__Task description__
Leave out the pictures and retype, exactly, the lines below from the line with "Хотелът разполага с" up to and including the line with "荣事达冰吧家用冷藏柜小型冰箱办公室客厅果蔬茶叶饮料红酒保鲜柜", nothing more.

__Entries provided__
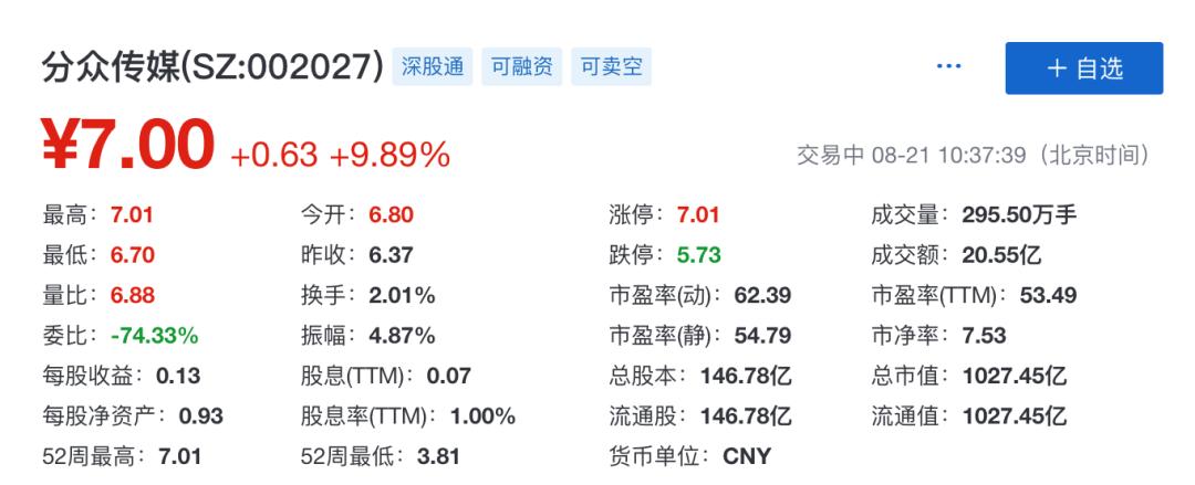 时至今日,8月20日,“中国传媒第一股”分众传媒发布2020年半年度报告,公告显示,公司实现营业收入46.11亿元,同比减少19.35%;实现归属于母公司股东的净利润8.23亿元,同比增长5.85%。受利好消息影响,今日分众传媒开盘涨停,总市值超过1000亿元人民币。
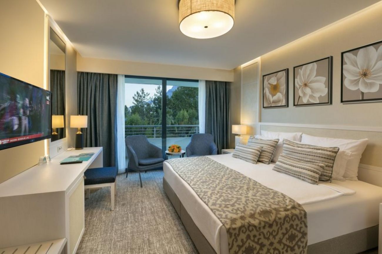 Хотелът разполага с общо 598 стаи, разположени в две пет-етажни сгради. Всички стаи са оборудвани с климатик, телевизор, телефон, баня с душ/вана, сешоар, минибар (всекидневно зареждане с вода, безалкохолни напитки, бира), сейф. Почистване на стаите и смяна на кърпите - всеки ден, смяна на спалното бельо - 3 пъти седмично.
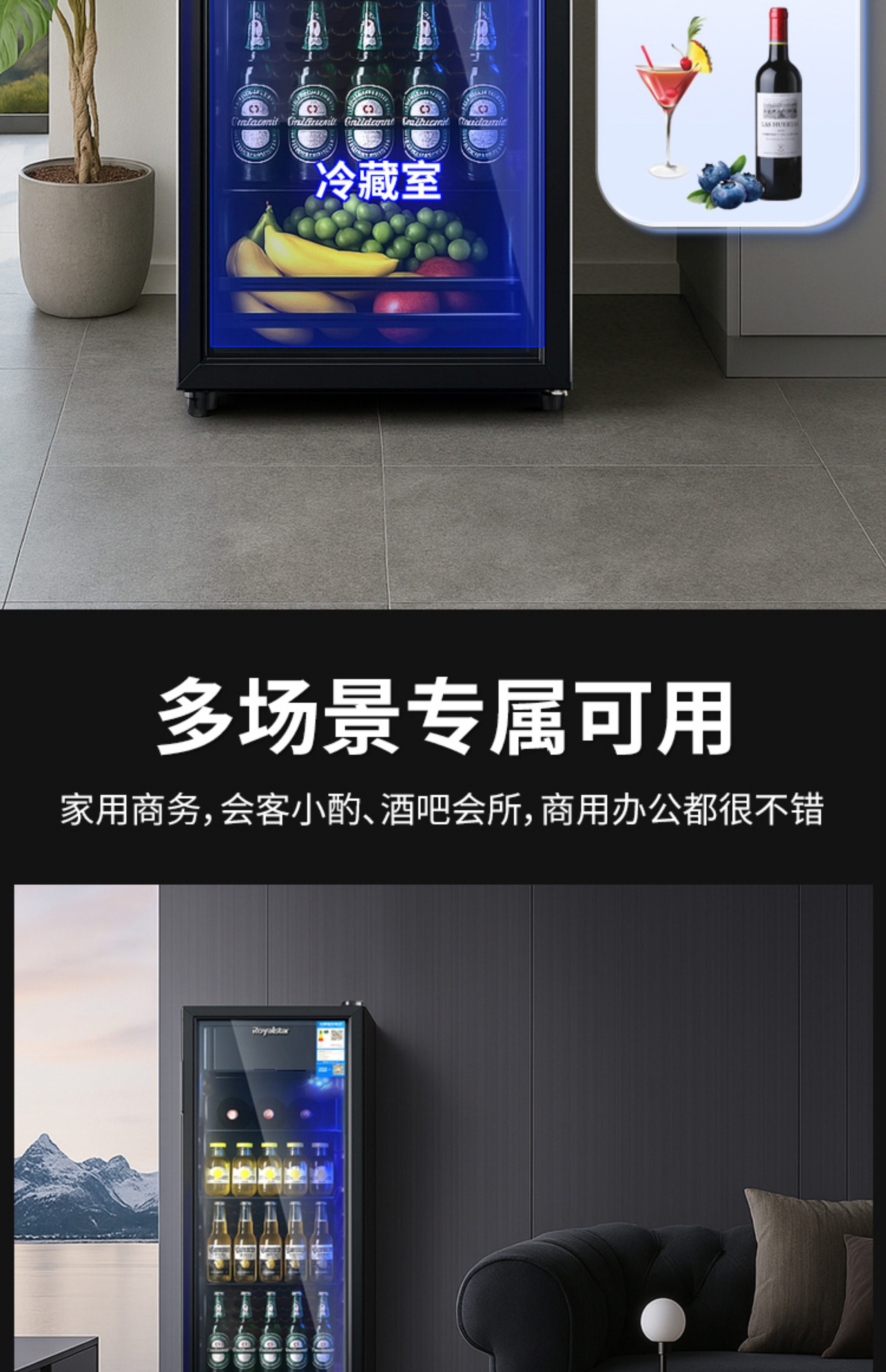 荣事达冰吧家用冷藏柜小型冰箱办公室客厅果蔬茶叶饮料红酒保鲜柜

==

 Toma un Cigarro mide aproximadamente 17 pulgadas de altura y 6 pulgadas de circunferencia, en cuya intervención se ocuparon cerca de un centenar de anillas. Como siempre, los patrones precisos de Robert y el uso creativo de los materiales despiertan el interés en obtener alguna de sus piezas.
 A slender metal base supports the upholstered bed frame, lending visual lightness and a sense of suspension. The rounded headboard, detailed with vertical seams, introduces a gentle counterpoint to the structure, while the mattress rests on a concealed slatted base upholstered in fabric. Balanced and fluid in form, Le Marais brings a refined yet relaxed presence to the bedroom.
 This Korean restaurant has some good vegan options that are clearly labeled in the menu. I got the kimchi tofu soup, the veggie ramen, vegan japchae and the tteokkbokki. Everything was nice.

__Output of the exercise__
 Хотелът разполага с общо 598 стаи, разположени в две пет-етажни сгради. Всички стаи са оборудвани с климатик, телевизор, телефон, баня с душ/вана, сешоар, минибар (всекидневно зареждане с вода, безалкохолни напитки, бира), сейф. Почистване на стаите и смяна на кърпите - всеки ден, смяна на спалното бельо - 3 пъти седмично.
 荣事达冰吧家用冷藏柜小型冰箱办公室客厅果蔬茶叶饮料红酒保鲜柜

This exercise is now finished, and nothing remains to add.